We then generate an object called relfreq that contains the relative frequencies of the five clusters (using weights, see option wt):

relfreq <- multidim %>% 
           count(mc.factor, wt = weight40) %>% 
           mutate(share = n/ sum(n)) %>%
           arrange(share)

We then convert relative frequencies to percentages (will be used for labeling the y-axes) and store the information in the object share

share <- round(as.numeric(relfreq$share)*100, 1)

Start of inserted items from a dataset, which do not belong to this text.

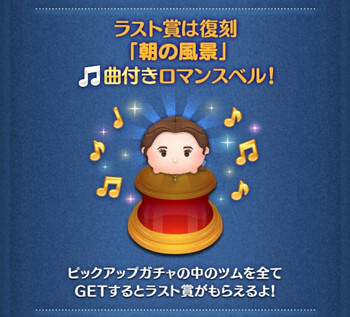 2025年6月ツムツムピックアップガチャ3回目はラスト賞に曲付きロマンスベルが登場。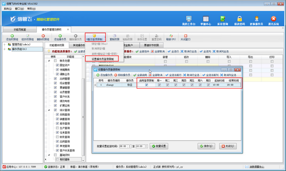 演示視頻觀看鏈接:當(dāng)前操作員處于限制登錄時(shí)間,無法登錄系統(tǒng),如何解決演示視頻 部分信管飛軟件用戶在登錄軟件時(shí)會(huì)出現(xiàn)軟件登錄不成功的情況,如下圖所示,系統(tǒng)彈出提示信息:當(dāng)前操作員處于限制登錄時(shí)間,無法登錄系統(tǒng)! 信管飛系列軟件支持自定義設(shè)置操作員登錄軟件的時(shí)間,設(shè)置后,操作員在受限制時(shí)間內(nèi)則無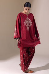 Embroidered classic-fit paneled shirt with a round neckline and V-slit, adorned with delicate stitching detail along the neckline and side slits. Paired with an embroidered classic-fit shalwar for an elegant, coordinated look.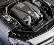 Il potente otto cilindri (sigla: M 157) utilizza innovativi componenti high-tech che consentono elevato rendimento e consumi esemplari: oltre all’iniezione diretta di benzina a getto guidato il propulsore adotta un basamento interamente in alluminio con sovralimentazione biturbo, quattro valvole per cilindro con regolazione degli alberi a camme, raffreddamento ad aria/acqua dell’aria di sovralimentazione, gestione dell’alternatore e funzione ECO start/stop. L’impianto di scarico sportivo AMG, ottimizzato nel peso e dotato di due terminali di scarico doppi cromati, da voce allo sportivo sound del V8AMG.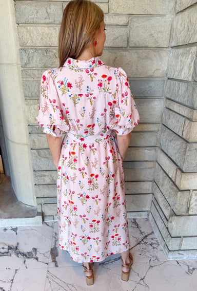 Introducing the Thea Floral Puff Tie Dress, a stunning blend of elegance and comfort. This midi-length masterpiece features a delightful floral pri...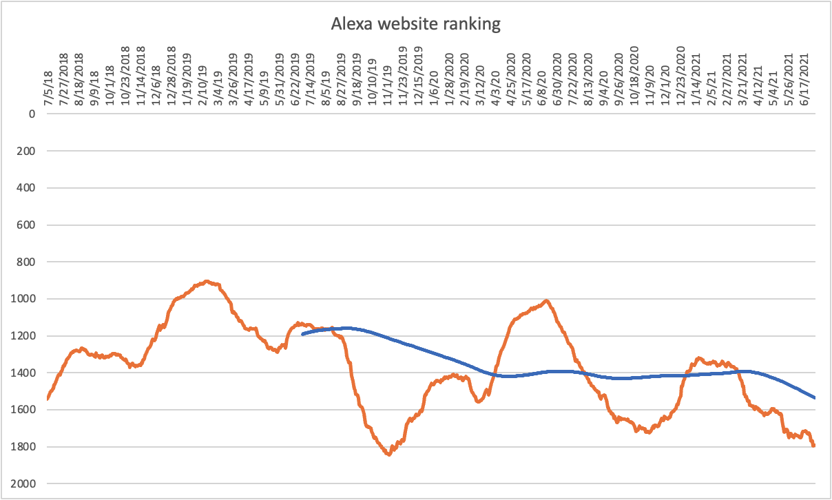 The 12-month average Alexa website ranking for Nintendo.com had also weakened since March 2021, which is incidentally when US restaurant traffic started to improve. I suspect that Americans - and maybe Europeans - are now starting to spend less time at home.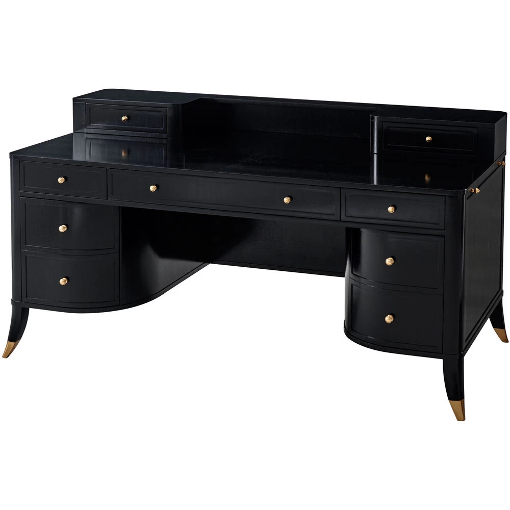 True to its French Moderne lineage, Gordon is a study in curves and angles. Two shapely filing drawers flank the kneehole. The desktop is ready to work with a two-drawer superstructure, and at the frieze, three drawers and two end slides. Set on splayed legs with brass cappings.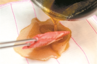1 煮制黄油至焦黄色泽是非常关键的一步,这样才能做出金灿灿的、边缘焦脆浓香的费南雪。在加热黄油过程中,需时刻用小勺捞起黄油察看颜色,煮至黄油淡褐色后,立即将小锅浸入冷水中降温。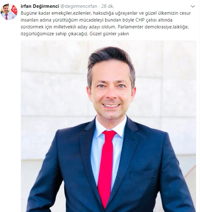 Kanal D'nin eski sunucu İrfan Değirmenci CHP'den aday oldu. Adaylığını sosyal medyadan açıklayan Değirmenci "Bugüne kadar emekçiler,ezilenler, haksızlığa uğrayanlar ve güzel ülkemizin cesur insanları adına yürüttüğüm mücadeleyi bundan böyle CHP çatısı altında sürdürmek için milletvekili aday adayı oldum. Parlamenter demokrasiye,laikliğe, özgürlüğümüze sahip çıkacağız. Güzel günler yakın" ifadelerini kullandı.

We can now plot the MCSA clusters, here sequences in each sub-graph are ordered by multidimensional scaling calculated on both channels

def.par <- par(no.readonly = TRUE)

# Each state disribution plot will be displayed according to its relative size
# as we add some additional rows to the cluster some adjustments are required
heights.mc <- c(.05,as.numeric(relfreq$share)*.97,.03)
widths.mc <- c(0.1, 0.325, 0.325, 0.25)

# Specifying the location of the many figures/elements we want to plot
layout.mc <- layout(matrix(c(1,2,3,21,
                             4,5,6,21,
                             7,8,9,22,
                             10,11,12,22,
                             13,14,15,23,
                             16,17,18,23,
                             19,20,20,23), 7, 4, byrow = TRUE), 
                    widths = widths.mc, 
                    heights = heights.mc)
layout.show(layout.mc)

# Labelling of the x-axes
count <- seq(from = 0, to = 22, by = 2)
years <- seq(from = 18, to = 40, by = 2)

# start with the actual graph...

# Row 1 - columns 1-3
par(mar = c(0.2,0,0.2,0))
plot(c(0, 1), c(0, 1), ann = F, bty = 'n', type = 'n', xaxt = 'n', yaxt = 'n')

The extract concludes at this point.